DIPA : copie à revoir !

2 septembre 2021
C'est une douche froide pour plus de la moitié des chirurgiens-dentistes : plus d’un an après avoir perçu des aides compensatoires visant à les aider à faire face aux charges fixes de leur cabinet (DIPA), les professionnels de santé viennent d’être informés des demandes de régularisation de la part de l’Assurance maladie.

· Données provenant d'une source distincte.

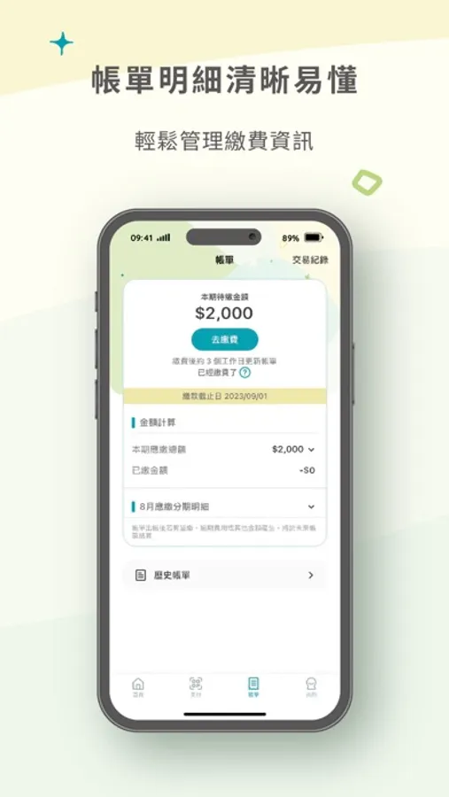 人性化查詢交易紀錄及繳款明細,帳單智慧又清晰!

Alors que la plupart attendait des versements complémentaires, beaucoup doivent finalement rembourser une partie de l’aide perçue, voire sa totalité, tandis que d'autres reçoivent beaucoup moins qu’attendu.

cp

En mai 2020, l’Assurance maladie met en place une aide pour les professionnels de santé conventionnés, économiquement pénalisés par le confinement : le Dispositif d'Indemnisation de la Perte d'Activité (DIPA). Instauré dans l’urgence, il faut attendre le 30 décembre 2020 pour que ses contours soient enfin précisés, grâce au décret n°2020-1807 qui en fixe les modalités de calcul.

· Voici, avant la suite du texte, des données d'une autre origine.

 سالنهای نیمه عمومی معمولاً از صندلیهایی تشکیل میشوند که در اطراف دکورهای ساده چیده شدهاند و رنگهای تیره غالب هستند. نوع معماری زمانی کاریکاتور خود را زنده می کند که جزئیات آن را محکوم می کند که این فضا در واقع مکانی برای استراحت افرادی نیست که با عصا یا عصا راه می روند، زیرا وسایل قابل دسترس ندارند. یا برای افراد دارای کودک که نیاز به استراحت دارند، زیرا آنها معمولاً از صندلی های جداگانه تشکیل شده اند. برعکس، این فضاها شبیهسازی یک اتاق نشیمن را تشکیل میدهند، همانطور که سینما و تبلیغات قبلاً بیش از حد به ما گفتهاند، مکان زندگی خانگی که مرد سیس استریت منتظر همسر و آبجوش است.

Le Président des Chirurgiens-Dentistes de France, Thierry Soulié, alerte alors Thomas Fatome, le Directeur de l’Assurance maladie. Loin de contester le principe de régularisation, prévu dès le départ, il relève cependant les lacunes de la méthode de globalisation mise en place, qui pénalise fortement les chirurgiens-dentistes ayant repris une forte activité à la sortie du confinement. « A travers cette méthode, on punit les chirurgiens-dentistes qui ont cumulé les heures pour recevoir davantage de patients, et tenter de compenser le retard accumulé pendant les deux mois de fermeture », s’insurge Thierry Soulié…

Les CDF demandent donc à l’Assurance maladie de revoir la méthode de calcul mise en place, pour une régularisation plus juste et plus cohérente.